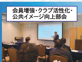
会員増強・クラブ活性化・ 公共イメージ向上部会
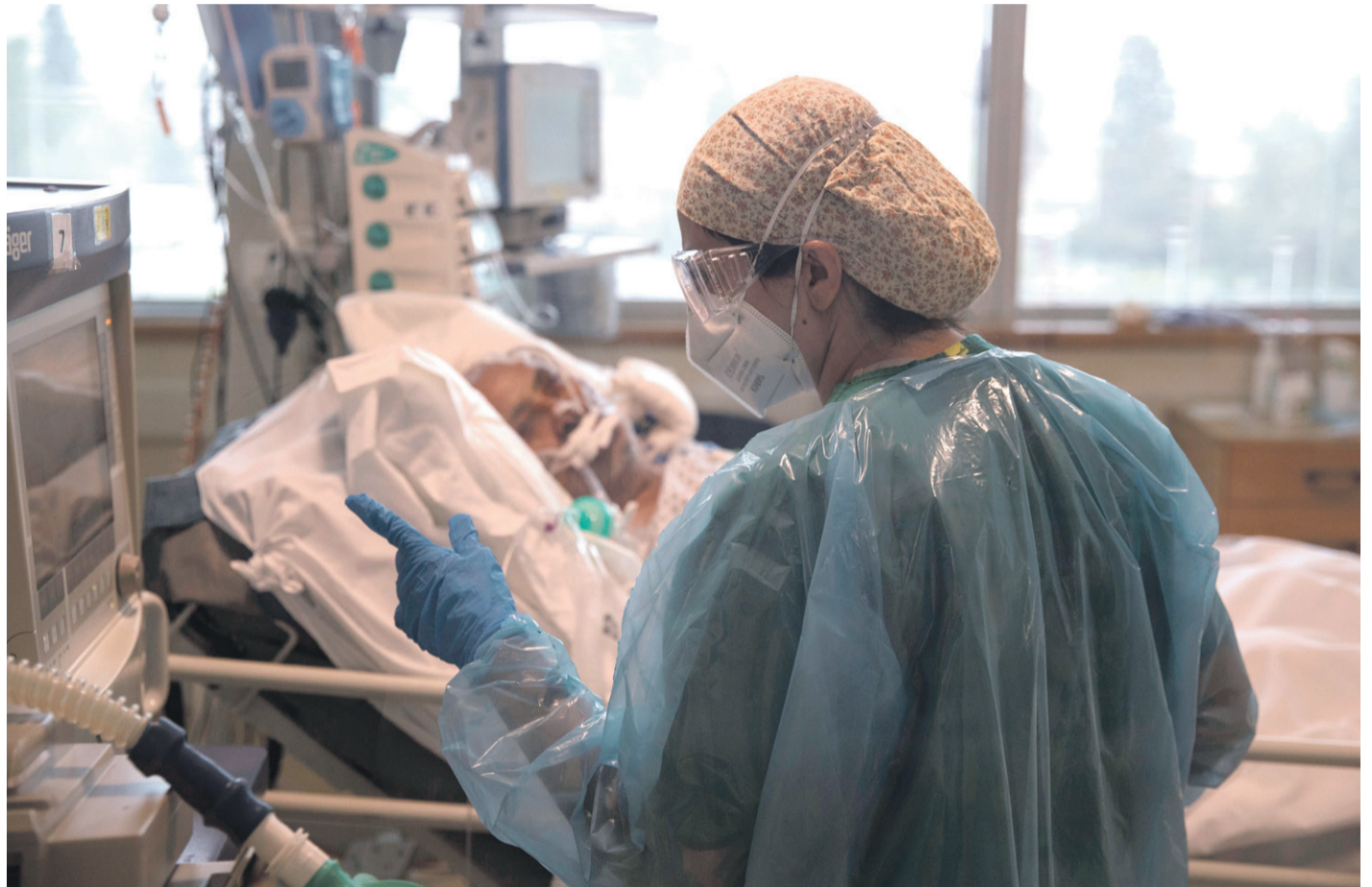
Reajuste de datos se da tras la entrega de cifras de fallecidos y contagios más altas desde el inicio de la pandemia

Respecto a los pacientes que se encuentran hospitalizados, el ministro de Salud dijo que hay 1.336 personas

* * *

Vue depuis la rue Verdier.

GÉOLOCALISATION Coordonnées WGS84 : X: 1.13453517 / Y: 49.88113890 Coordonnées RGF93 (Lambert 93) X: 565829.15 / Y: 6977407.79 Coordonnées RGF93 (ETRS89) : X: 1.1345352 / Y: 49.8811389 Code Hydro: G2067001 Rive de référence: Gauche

AIM OF THE EXERCISE: Take the entries above and return only the lines from the one with "Vue depuis la rue Verdier." to the one with "GÉOLOCALISATION Coordonnées WGS84", both included, unchanged.

FINISHED TASK:
Vue depuis la rue Verdier.

GÉOLOCALISATION Coordonnées WGS84 : X: 1.13453517 / Y: 49.88113890 Coordonnées RGF93 (Lambert 93) X: 565829.15 / Y: 6977407.79 Coordonnées RGF93 (ETRS89) : X: 1.1345352 / Y: 49.8811389 Code Hydro: G2067001 Rive de référence: Gauche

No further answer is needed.